» Task requirements
Output the data as it stands. Each line must match exactly.

» Data to use
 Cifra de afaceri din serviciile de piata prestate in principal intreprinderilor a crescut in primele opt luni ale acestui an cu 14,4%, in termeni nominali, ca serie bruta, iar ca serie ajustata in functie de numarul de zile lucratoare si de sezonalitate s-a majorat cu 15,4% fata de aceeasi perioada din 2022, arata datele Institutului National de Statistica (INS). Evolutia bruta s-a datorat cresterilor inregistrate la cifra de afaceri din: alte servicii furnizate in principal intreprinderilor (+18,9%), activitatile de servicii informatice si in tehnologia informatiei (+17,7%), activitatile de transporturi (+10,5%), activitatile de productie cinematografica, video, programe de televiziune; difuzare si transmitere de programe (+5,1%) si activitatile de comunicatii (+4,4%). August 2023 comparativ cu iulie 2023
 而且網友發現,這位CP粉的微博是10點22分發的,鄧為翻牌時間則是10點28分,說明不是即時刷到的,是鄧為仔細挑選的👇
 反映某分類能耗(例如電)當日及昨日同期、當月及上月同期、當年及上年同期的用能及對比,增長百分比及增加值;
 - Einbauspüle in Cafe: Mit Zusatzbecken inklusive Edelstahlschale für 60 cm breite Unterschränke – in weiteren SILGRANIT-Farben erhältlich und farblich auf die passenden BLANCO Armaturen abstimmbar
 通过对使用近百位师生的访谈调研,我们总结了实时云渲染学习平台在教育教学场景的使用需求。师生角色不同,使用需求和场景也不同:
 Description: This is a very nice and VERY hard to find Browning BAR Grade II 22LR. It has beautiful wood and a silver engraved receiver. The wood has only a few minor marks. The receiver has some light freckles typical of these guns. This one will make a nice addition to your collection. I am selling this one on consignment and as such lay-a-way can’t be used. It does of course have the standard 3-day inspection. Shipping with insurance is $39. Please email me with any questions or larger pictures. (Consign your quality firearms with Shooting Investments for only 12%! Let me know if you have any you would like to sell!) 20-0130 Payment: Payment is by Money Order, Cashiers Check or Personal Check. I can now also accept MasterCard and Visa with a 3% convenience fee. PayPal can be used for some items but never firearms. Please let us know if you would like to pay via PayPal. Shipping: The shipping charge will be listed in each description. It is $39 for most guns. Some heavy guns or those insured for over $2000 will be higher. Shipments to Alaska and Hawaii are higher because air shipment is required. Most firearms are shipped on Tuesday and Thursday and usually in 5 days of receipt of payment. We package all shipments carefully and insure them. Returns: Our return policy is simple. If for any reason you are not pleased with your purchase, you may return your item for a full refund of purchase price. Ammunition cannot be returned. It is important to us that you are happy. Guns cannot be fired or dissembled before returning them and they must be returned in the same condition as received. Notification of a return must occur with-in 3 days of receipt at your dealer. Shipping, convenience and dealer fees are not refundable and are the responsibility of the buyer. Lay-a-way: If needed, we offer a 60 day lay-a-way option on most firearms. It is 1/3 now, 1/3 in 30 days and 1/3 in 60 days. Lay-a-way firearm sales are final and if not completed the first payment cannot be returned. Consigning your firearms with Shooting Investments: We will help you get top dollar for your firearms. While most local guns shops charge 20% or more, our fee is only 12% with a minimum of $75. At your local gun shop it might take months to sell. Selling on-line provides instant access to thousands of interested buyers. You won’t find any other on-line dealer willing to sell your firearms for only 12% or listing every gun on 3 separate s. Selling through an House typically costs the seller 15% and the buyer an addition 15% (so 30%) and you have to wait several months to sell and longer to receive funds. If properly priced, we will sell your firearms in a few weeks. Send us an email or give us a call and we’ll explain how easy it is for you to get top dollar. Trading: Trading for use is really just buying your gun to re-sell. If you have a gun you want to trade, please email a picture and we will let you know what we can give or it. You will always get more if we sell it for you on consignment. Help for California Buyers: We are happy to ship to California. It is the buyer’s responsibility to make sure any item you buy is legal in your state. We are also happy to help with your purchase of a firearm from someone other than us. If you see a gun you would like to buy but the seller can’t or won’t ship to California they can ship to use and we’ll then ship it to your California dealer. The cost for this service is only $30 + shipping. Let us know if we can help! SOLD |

» Task response
 Cifra de afaceri din serviciile de piata prestate in principal intreprinderilor a crescut in primele opt luni ale acestui an cu 14,4%, in termeni nominali, ca serie bruta, iar ca serie ajustata in functie de numarul de zile lucratoare si de sezonalitate s-a majorat cu 15,4% fata de aceeasi perioada din 2022, arata datele Institutului National de Statistica (INS). Evolutia bruta s-a datorat cresterilor inregistrate la cifra de afaceri din: alte servicii furnizate in principal intreprinderilor (+18,9%), activitatile de servicii informatice si in tehnologia informatiei (+17,7%), activitatile de transporturi (+10,5%), activitatile de productie cinematografica, video, programe de televiziune; difuzare si transmitere de programe (+5,1%) si activitatile de comunicatii (+4,4%). August 2023 comparativ cu iulie 2023
 而且網友發現,這位CP粉的微博是10點22分發的,鄧為翻牌時間則是10點28分,說明不是即時刷到的,是鄧為仔細挑選的👇
 反映某分類能耗(例如電)當日及昨日同期、當月及上月同期、當年及上年同期的用能及對比,增長百分比及增加值;
 - Einbauspüle in Cafe: Mit Zusatzbecken inklusive Edelstahlschale für 60 cm breite Unterschränke – in weiteren SILGRANIT-Farben erhältlich und farblich auf die passenden BLANCO Armaturen abstimmbar
 通过对使用近百位师生的访谈调研,我们总结了实时云渲染学习平台在教育教学场景的使用需求。师生角色不同,使用需求和场景也不同:
 Description: This is a very nice and VERY hard to find Browning BAR Grade II 22LR. It has beautiful wood and a silver engraved receiver. The wood has only a few minor marks. The receiver has some light freckles typical of these guns. This one will make a nice addition to your collection. I am selling this one on consignment and as such lay-a-way can’t be used. It does of course have the standard 3-day inspection. Shipping with insurance is $39. Please email me with any questions or larger pictures. (Consign your quality firearms with Shooting Investments for only 12%! Let me know if you have any you would like to sell!) 20-0130 Payment: Payment is by Money Order, Cashiers Check or Personal Check. I can now also accept MasterCard and Visa with a 3% convenience fee. PayPal can be used for some items but never firearms. Please let us know if you would like to pay via PayPal. Shipping: The shipping charge will be listed in each description. It is $39 for most guns. Some heavy guns or those insured for over $2000 will be higher. Shipments to Alaska and Hawaii are higher because air shipment is required. Most firearms are shipped on Tuesday and Thursday and usually in 5 days of receipt of payment. We package all shipments carefully and insure them. Returns: Our return policy is simple. If for any reason you are not pleased with your purchase, you may return your item for a full refund of purchase price. Ammunition cannot be returned. It is important to us that you are happy. Guns cannot be fired or dissembled before returning them and they must be returned in the same condition as received. Notification of a return must occur with-in 3 days of receipt at your dealer. Shipping, convenience and dealer fees are not refundable and are the responsibility of the buyer. Lay-a-way: If needed, we offer a 60 day lay-a-way option on most firearms. It is 1/3 now, 1/3 in 30 days and 1/3 in 60 days. Lay-a-way firearm sales are final and if not completed the first payment cannot be returned. Consigning your firearms with Shooting Investments: We will help you get top dollar for your firearms. While most local guns shops charge 20% or more, our fee is only 12% with a minimum of $75. At your local gun shop it might take months to sell. Selling on-line provides instant access to thousands of interested buyers. You won’t find any other on-line dealer willing to sell your firearms for only 12% or listing every gun on 3 separate s. Selling through an House typically costs the seller 15% and the buyer an addition 15% (so 30%) and you have to wait several months to sell and longer to receive funds. If properly priced, we will sell your firearms in a few weeks. Send us an email or give us a call and we’ll explain how easy it is for you to get top dollar. Trading: Trading for use is really just buying your gun to re-sell. If you have a gun you want to trade, please email a picture and we will let you know what we can give or it. You will always get more if we sell it for you on consignment. Help for California Buyers: We are happy to ship to California. It is the buyer’s responsibility to make sure any item you buy is legal in your state. We are also happy to help with your purchase of a firearm from someone other than us. If you see a gun you would like to buy but the seller can’t or won’t ship to California they can ship to use and we’ll then ship it to your California dealer. The cost for this service is only $30 + shipping. Let us know if we can help! SOLD |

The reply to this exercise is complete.